However, while these innovations have been celebrated for enhancing customer experiences, they have also sparked privacy concerns. Consumers are increasingly questioning how their biometric data is stored and used—a challenge that brands must address to maintain trust.
Example 2:
Gen Z’s Privacy Paradox
Gen Z’s approach to data privacy reflects a paradox: while they are more likely than older generations to take protective measures (e.g., clearing cookies or using anonymous browsers), they are also more willing to share personal data if it results in better digital experiences. For example:
- A significant portion of Gen Z consumers supports social media platforms like TikTok despite controversies around data collection practices.
- They expect companies to be transparent about how their data is used and demand robust security measures.
This paradox highlights the delicate balance brands must strike between leveraging personalization and respecting consumer autonomy.
Key Takeaways for Brand Builders
Transparency is key when using AI-driven personalization. Consumers want value in exchange for their data—but they also want control over how that data is used.
Brands that proactively communicate their data policies and prioritize ethical practices will gain a competitive edge in building trust with younger generations.
exercise 4
Deep Dive Report – Series 1
Culture
A Global Perspective on AI’s Impact
AI isn’t just transforming businesses—it’s reshaping culture globally. In developed markets like the U.S., Europe, and parts of Asia, AI is driving hyper-efficiency across industries—from finance to fashion.
However, in emerging markets like Africa or Southeast Asia, AI presents both opportunities and challenges.On one hand, AI can help leapfrog traditional barriers by providing access to new technologies previously out of reach. On the other hand, there’s a real risk of exacerbating existing inequalities if these tools aren’t accessible or affordable for everyone.
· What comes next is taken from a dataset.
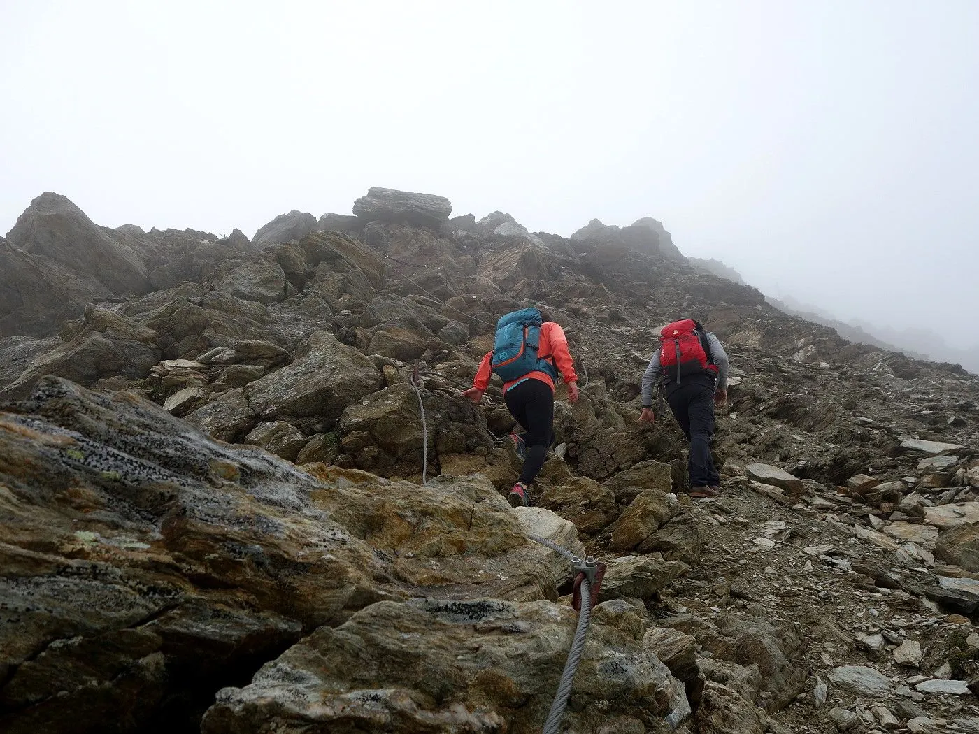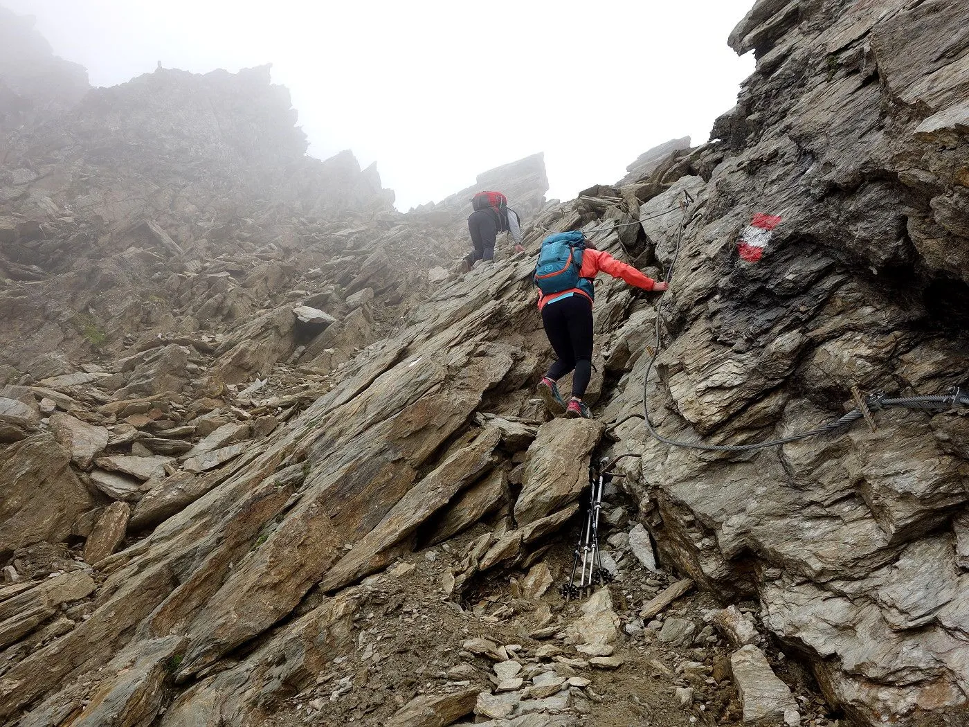 Schlüsselstelle: Der Grat ist mit Stahlseilen versichert, dennoch erfordert der Abschnitt am Schuttkar und Grat besondere Vorsicht. Bei Nässe und Schnee wird der Anstieg deutlich anspruchsvoller. |

Culturally speaking, different regions also have varying attitudes toward AI adoption. In China or Singapore, there’s generally more acceptance of technology-driven solutions compared to Western markets where privacy concerns dominate discussions around AI.
Example:
Kenya’s Agricultural Transformation with EOS Data Analytics
In Kenya’s agricultural sector, companies like EOS Data Analytics are using satellite imagery combined with machine learning models to help farmers optimize crop yields. This partnership with Agrvision has empowered smallholder farmers who previously lacked access to advanced agricultural technologies by providing them with precise data on crop health and weather patterns. This approach not only enhances productivity but also contributes to sustainable food security programs in Eastern Africa.
Key takeaways for brand builders
When operating globally, be attuned not just to technological trends but also cultural nuances around privacy concerns and technology adoption rates. Understanding these differences is crucial for tailoring strategies that resonate across diverse markets.
exercise 5
The Dilution of AI
Clearing Up some of the Confusion
As AI becomes more integrated into everyday life, there’s a growing tendency to label anything remotely tech-driven as “AI.” Whether it’s augmented reality (AR), automation tools like robotic process automation (RPA), or even basic algorithms—many mistakenly lump them under the umbrella term AI. This dilution has led to misconceptions that confuse consumers and distort expectations around what true AI can do.
Common Misconceptions About AI
AI Equals Sentience
- Misconception: Many believe that because an algorithm can perform complex tasks like language generation or image recognition, it must be “intelligent” in a human sense.
- Reality: AI lacks consciousness, self-awareness, or emotional intelligence. It operates purely on patterns and correlations within data and does not “understand” its outputs.
- Example: ChatGPT can generate human-like responses but has no understanding ofthe meaning behind its words. It cannot reason or make decisions as a human would.
- Why It Matters: Overestimating AI’s capabilities can lead to misplaced trust in its outputs, particularly in high-stakes scenarios like medical diagnosis or legal decision-making.
AI Can’t Be Biased
- Misconception: AI is often seen as an impartial decision-maker, free from human bias.
- Reality: AI models are trained on human-generated data, which inherently carries biases. These biases can be amplified if not carefully managed.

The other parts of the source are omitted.